Research Note (incl. Information Notes)
Andy J Moffat, T R Nisbet
The removal of tree stumps and coarse roots from felling sites as a source of woody biomass for bioenergy generation is well established in parts of Europe, and interest has been expressed in replicating this practice in some regions of the UK. Overseas research shows that stump harvesting can pose a risk to sustainable forest management, unless care is taken in site selection and operational practice. Poor practice can lead to detrimental effects on soil structure, increasing the risk of soil erosion, and depletes soil nutrient and carbon capital. Stump and root harvesting can also have impacts on woodland biodiversity, archaeological heritage and tree health. This Research Note offers a synthesis of available evidence on the effects of stump harvesting, drawn from largely overseas sources but critically considered for their applicability to British conditions.

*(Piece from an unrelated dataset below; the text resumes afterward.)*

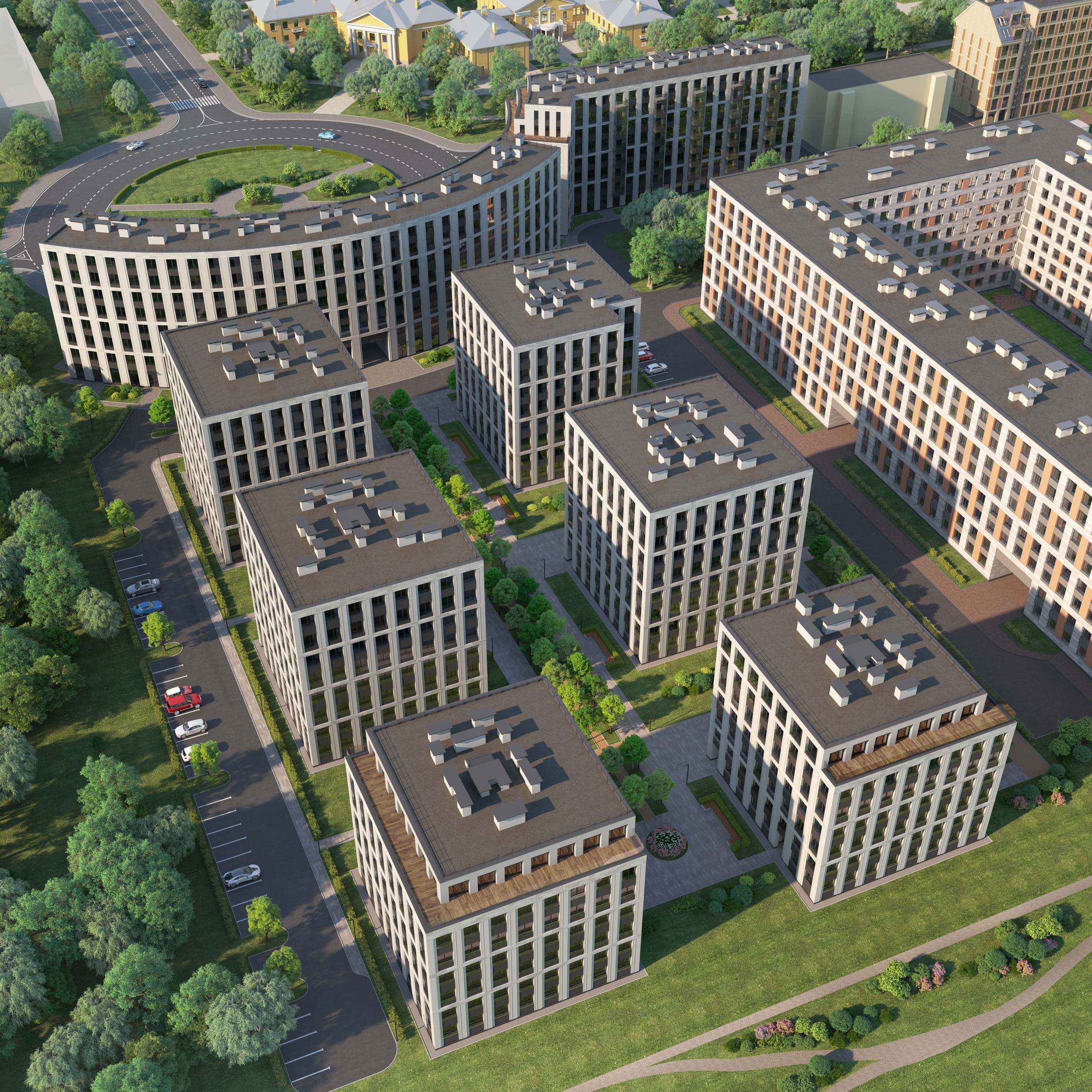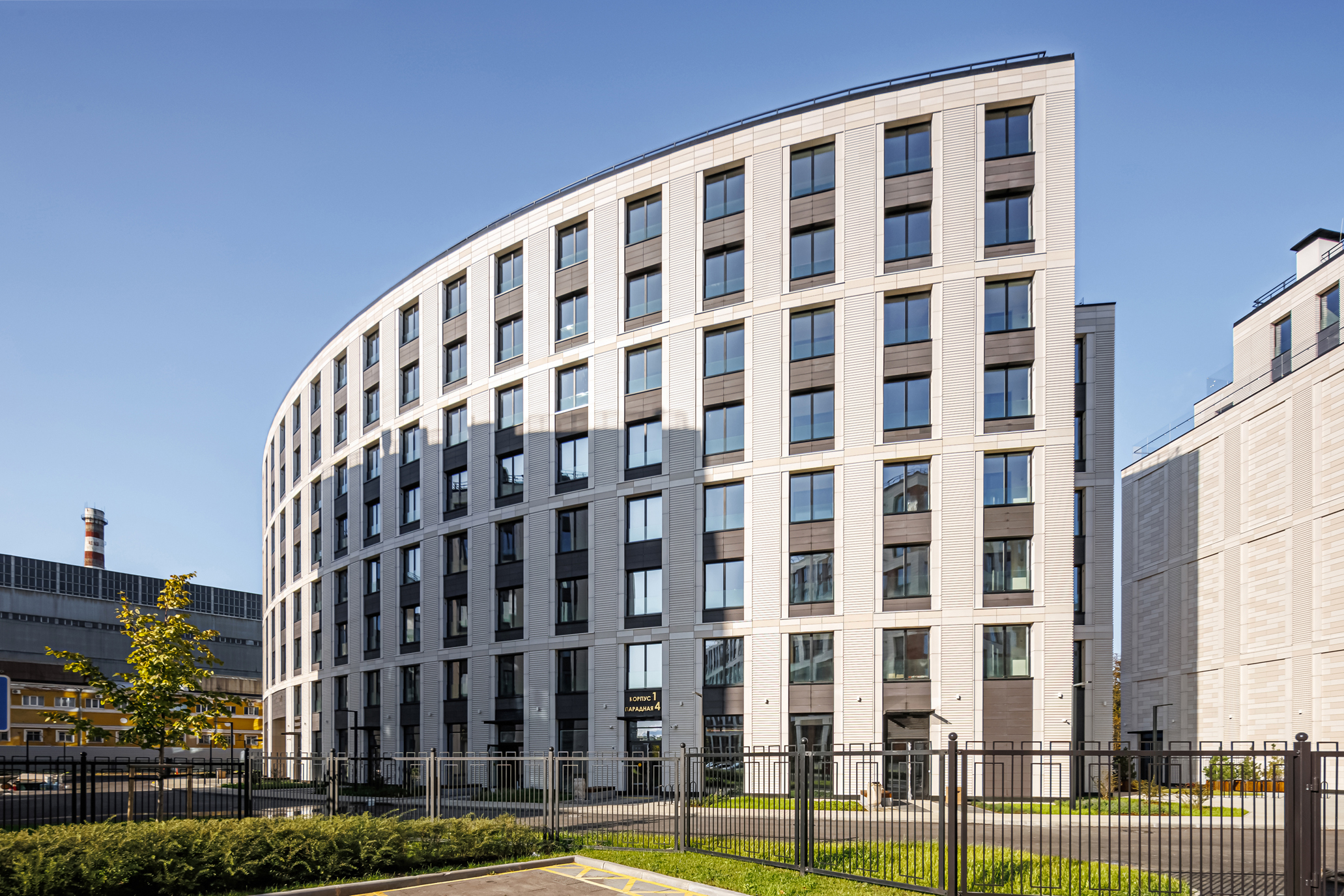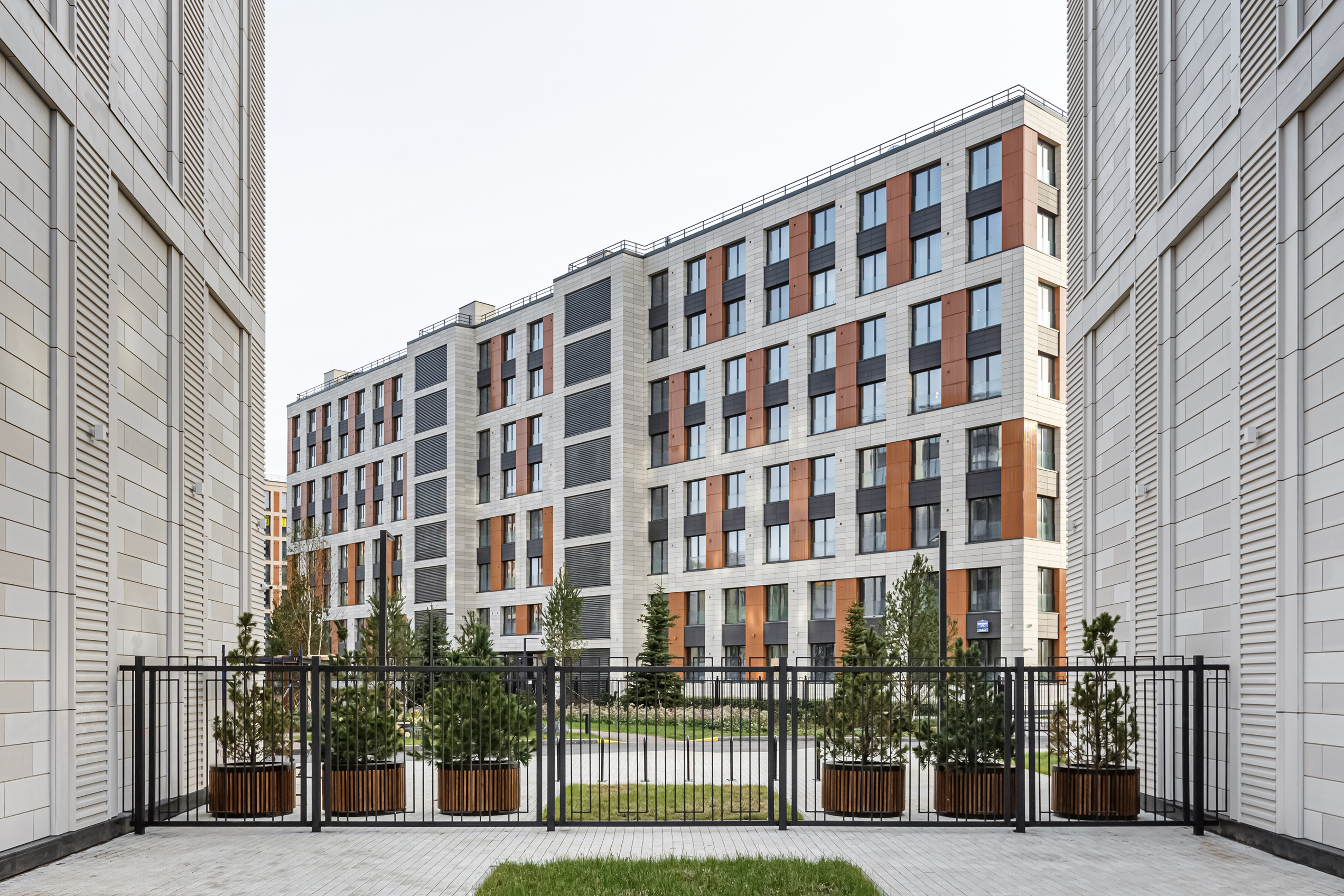 The first two buildings of the residential complex create the frontage line of the Petrovsky prospect and the Petrovskaya square, respectively. There is an inner passage inside the block leading to the water, serving as a centre line: there are six more one-sectional buildings arranged in pairs along the passage.

The overall environmental effects of stump harvesting on forest sites in the UK, and the relative magnitude of these effects compared with conventional restock site preparation, are under ongoing investigation. The results will be used to develop more definitive guidance. Preliminary guidance published by Forest Research sets out how the risks of potential damaging effects can be minimised, notably by careful assessment of site suitability and location of activities on low risk sites. It is recommended that this is used to guide the planning and location of stump and root harvesting operations in Britain.